Perhaps less well known is $169$, in that it produces the longest chain of numbers that link back to $169$; it turns out that there are only three such loops that exist:

$$\begin{aligned}
&169 \rightarrow 363601 \rightarrow 1454 \rightarrow 169\\
&871 \rightarrow 45361 \rightarrow 871\\
&872 \rightarrow 45362 \rightarrow 872\\
\end{aligned}$$

It is not difficult to prove that EVERY starting number will eventually get stuck in a loop.

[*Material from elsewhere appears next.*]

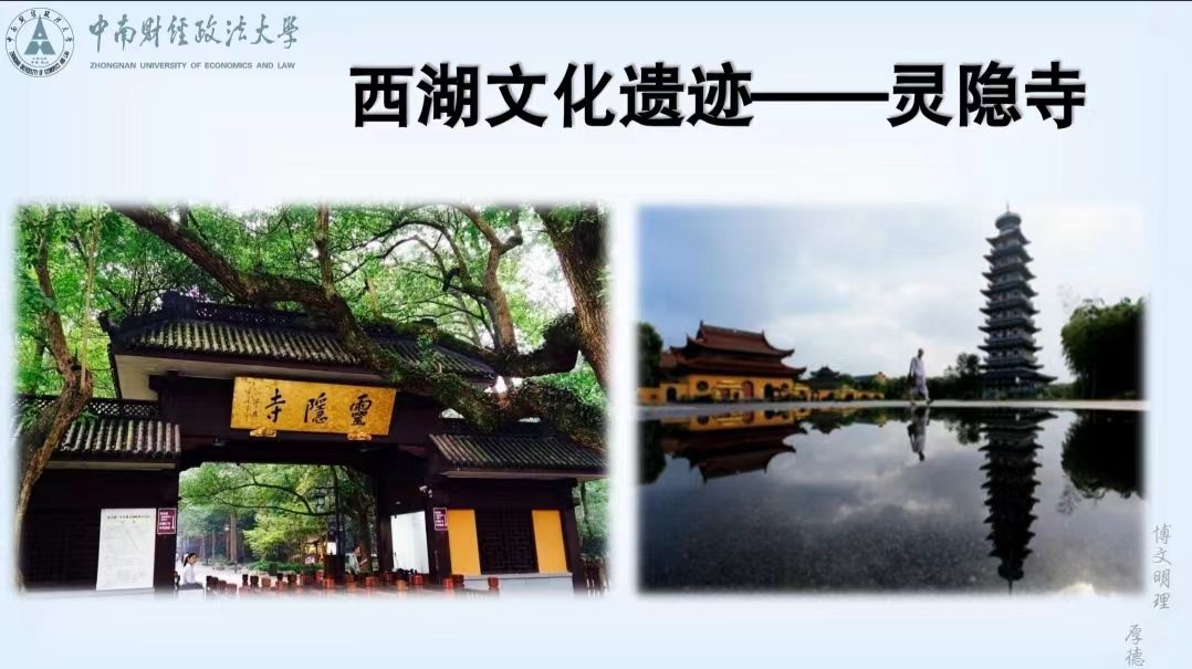 “毕竟西湖六月中,风光不与四时同。 接天莲叶无穷碧,映日荷花别样红。 紧接着,卢若渝老师以宋代诗人杨万里的《晓出净慈寺送林子方》把同学们的视角带到了西湖河畔。着重给同学们讲解了西湖的地址、文化遗迹断桥和文化遗迹灵隐寺。课堂上,同学们认真好学,求知若渴,相信在卢若渝老师的带领下同学们对于西湖的认识又有了一个更全面的认识。

For example,

$$\begin{aligned}
&69 \rightarrow 363600 \rightarrow 1454 \rightarrow 169 \rightarrow 363601 (\rightarrow 1454)\\
&78 \rightarrow 45360 \rightarrow 871 \rightarrow 45361 (\rightarrow 871)\\
&540 \rightarrow 145 (\rightarrow 145)\\
\end{aligned}$$

Starting with $69$ produces a chain of five non-repeating terms, but the longest non-repeating chain with a starting number below one million is sixty terms.

How many chains, with a starting number below one million, contain exactly sixty non-repeating terms?


数字阶乘链

众所周知,$145$的各位数字的阶乘之和恰好等于本身:

$$1! + 4! + 5! = 1 + 24 + 120 = 145$$

但很少有人注意到,从$169$开始不断地取各位数字的阶乘之和,将会进入循环回到$169$,而且这是所有循环中最长的一个。事实上,只存在三个这样的循环:

$$\begin{aligned}
&169 \rightarrow 363601 \rightarrow 1454 \rightarrow 169\\
&871 \rightarrow 45361 \rightarrow 871\\
&872 \rightarrow 45362 \rightarrow 872\\
\end{aligned}$$

不难证明,从任意数字出发最终都会陷入循环。例如,

$$\begin{aligned}
&69 \rightarrow 363600 \rightarrow 1454 \rightarrow 169 \rightarrow 363601 (\rightarrow 1454)\\
&78 \rightarrow 45360 \rightarrow 871 \rightarrow 45361 (\rightarrow 871)\\
&540 \rightarrow 145 (\rightarrow 145)\\
\end{aligned}$$

从$69$开始直到进入循环,会得到五个不同的项,而从任意一个小于一百万的数开始,最多能够得到六十个不同的项。

有多少个小于一百万的数满足,从这些数开始不断地取各位数字的阶乘之和,恰好能够得到六十个不同的项?